WORK INSTRUCTION: Copy out the entire listing below exactly, but without its pictures.

STORED DATA:
______

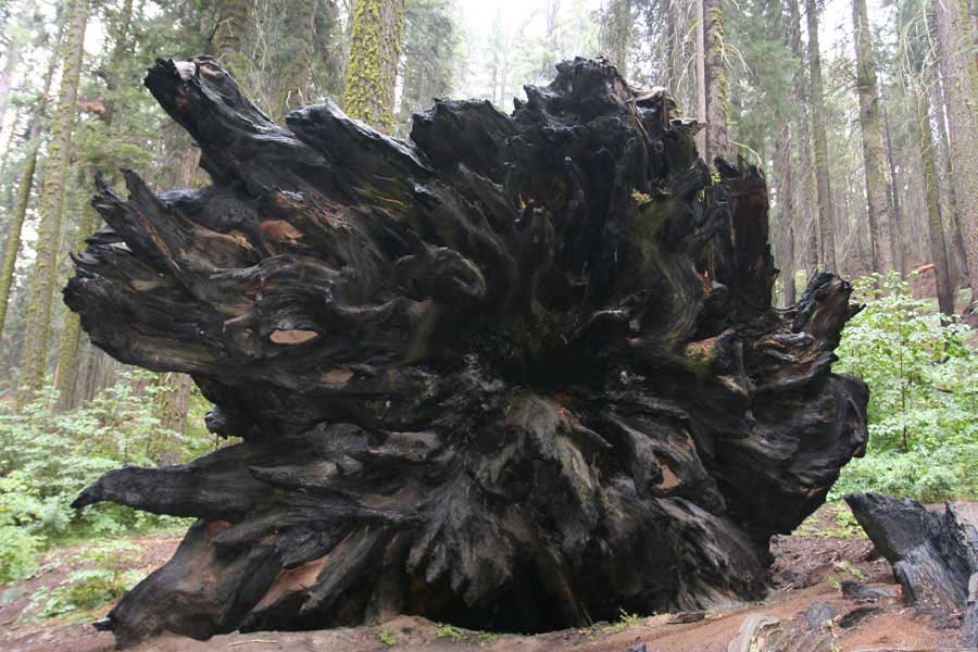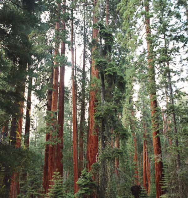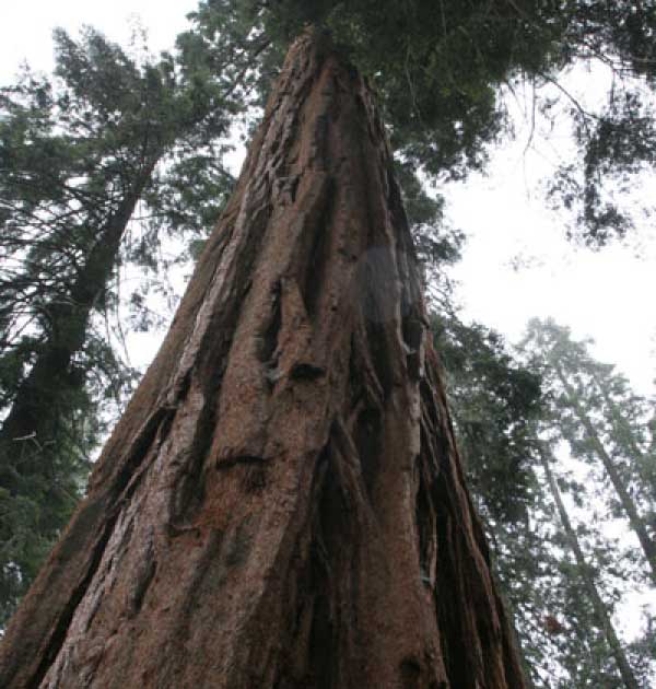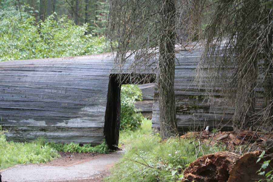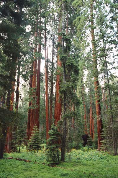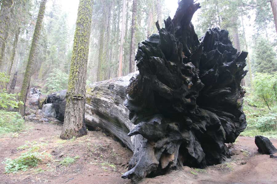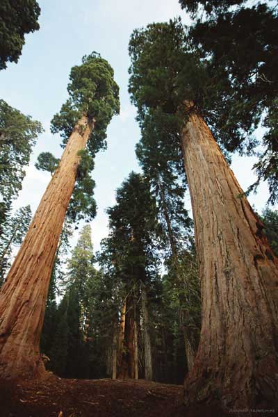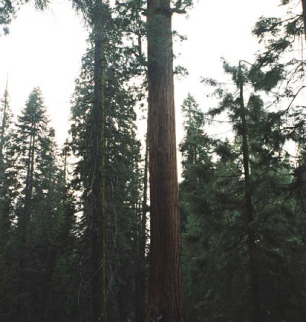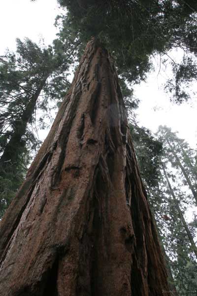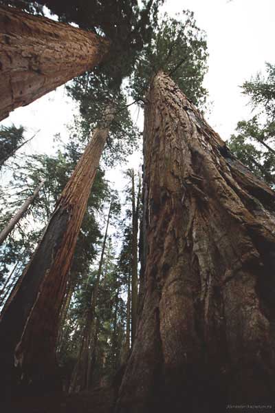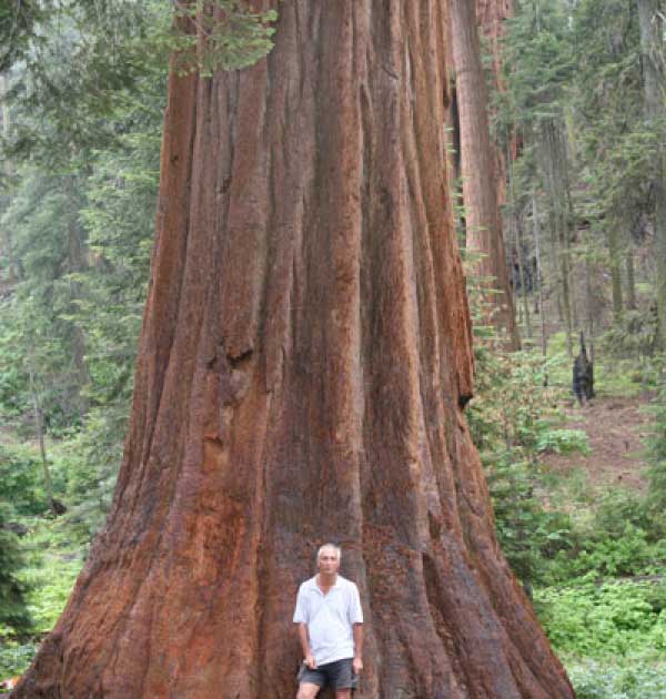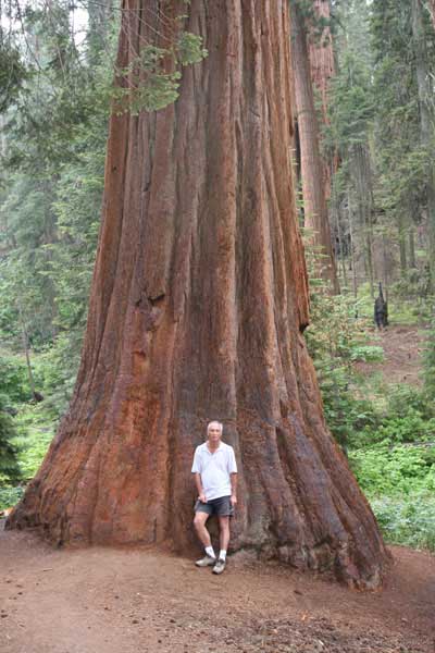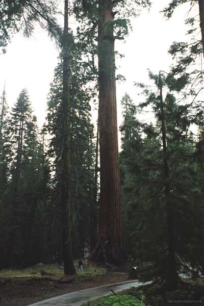 Дальше длинная дорога под вечер в темноте опять через Канаб, через Заян на 15 дорогу. Хотел ехать сколько можно, но сил хватило только до Лас-Вегаса. Понимая, что возможность переночевать - одна из лучших, искал мотель довольно долго. Все в основном для молодоженов и на неделю. Это явно не подходит. Наконец за бешеные деньги (баксов 60) около аэропорта нашел здоровенную комнату с протекшим потолком. Внизу естественно казино. Ничего интересного. Утром опять в путь. Это самый изнурительный переезд. Наконец часам к 15 я подъезжаю к парку секвой в Калифорнии. Все это как бы по дороге в Сан-Франциско. Но секвойи я хотел посмотреть давно. Вернее еще в Лос-Анджелесе. Я зашел в большой книжный магазин купить атлас или карты. Мой атлас с 1998 года я одолжил друзьям в Москве и здесь, в Калифорнии, пытался купить локальные карты или новый атлас. Кстати, атласа не нашел. Ничего не понравилось. Но с полки упала карта Кингс каньона и парка секвой. Естественно, я забрал. Так вот, по дороге в Сан-Франциско решил заехать и посмотреть, так ли эти деревья велики. Крюк получился приличный. Только в парке по серпантину надо ехать миль 20. На карте отмечено три места, где растут гигантские растения. Наконец приехали. Смотрю - и правда, гигантские. Похожие на большие сосны, только кора цветом светлее. Я почувствовал себя коротышкой из цветочного города, который на луне пытался продать акции гигантских растений. Этих самых. Или гномом лесным. Конечно, между секвойями растут обычные ели, но они им мешают. Секвойям нужен открытый свет, поэтому им хорошо, когда обычные ели сгорают от пожаров и секвойям дышится легче. Кстати, секвой тоже много упавших и обгоревших. Я не люблю людей фотографировать, но здесь надо было для сравнения.
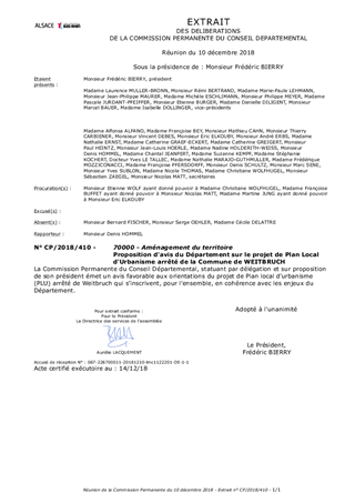 Proposition d’avis du Département sur le projet de Plan Local d’Urbanisme arrêté de la Commune de WEITBRUCH
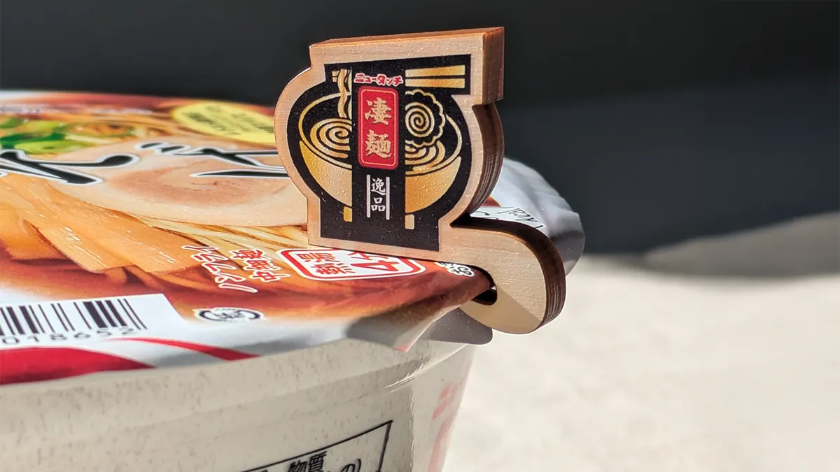 カップ麺にお湯を注いだあと、めくれ上がりそうになるフタをしっかりホールド!

______

SOLUTION FOR THIS PROBLEM:
 Дальше длинная дорога под вечер в темноте опять через Канаб, через Заян на 15 дорогу. Хотел ехать сколько можно, но сил хватило только до Лас-Вегаса. Понимая, что возможность переночевать - одна из лучших, искал мотель довольно долго. Все в основном для молодоженов и на неделю. Это явно не подходит. Наконец за бешеные деньги (баксов 60) около аэропорта нашел здоровенную комнату с протекшим потолком. Внизу естественно казино. Ничего интересного. Утром опять в путь. Это самый изнурительный переезд. Наконец часам к 15 я подъезжаю к парку секвой в Калифорнии. Все это как бы по дороге в Сан-Франциско. Но секвойи я хотел посмотреть давно. Вернее еще в Лос-Анджелесе. Я зашел в большой книжный магазин купить атлас или карты. Мой атлас с 1998 года я одолжил друзьям в Москве и здесь, в Калифорнии, пытался купить локальные карты или новый атлас. Кстати, атласа не нашел. Ничего не понравилось. Но с полки упала карта Кингс каньона и парка секвой. Естественно, я забрал. Так вот, по дороге в Сан-Франциско решил заехать и посмотреть, так ли эти деревья велики. Крюк получился приличный. Только в парке по серпантину надо ехать миль 20. На карте отмечено три места, где растут гигантские растения. Наконец приехали. Смотрю - и правда, гигантские. Похожие на большие сосны, только кора цветом светлее. Я почувствовал себя коротышкой из цветочного города, который на луне пытался продать акции гигантских растений. Этих самых. Или гномом лесным. Конечно, между секвойями растут обычные ели, но они им мешают. Секвойям нужен открытый свет, поэтому им хорошо, когда обычные ели сгорают от пожаров и секвойям дышится легче. Кстати, секвой тоже много упавших и обгоревших. Я не люблю людей фотографировать, но здесь надо было для сравнения.
 Proposition d’avis du Département sur le projet de Plan Local d’Urbanisme arrêté de la Commune de WEITBRUCH
 カップ麺にお湯を注いだあと、めくれ上がりそうになるフタをしっかりホールド!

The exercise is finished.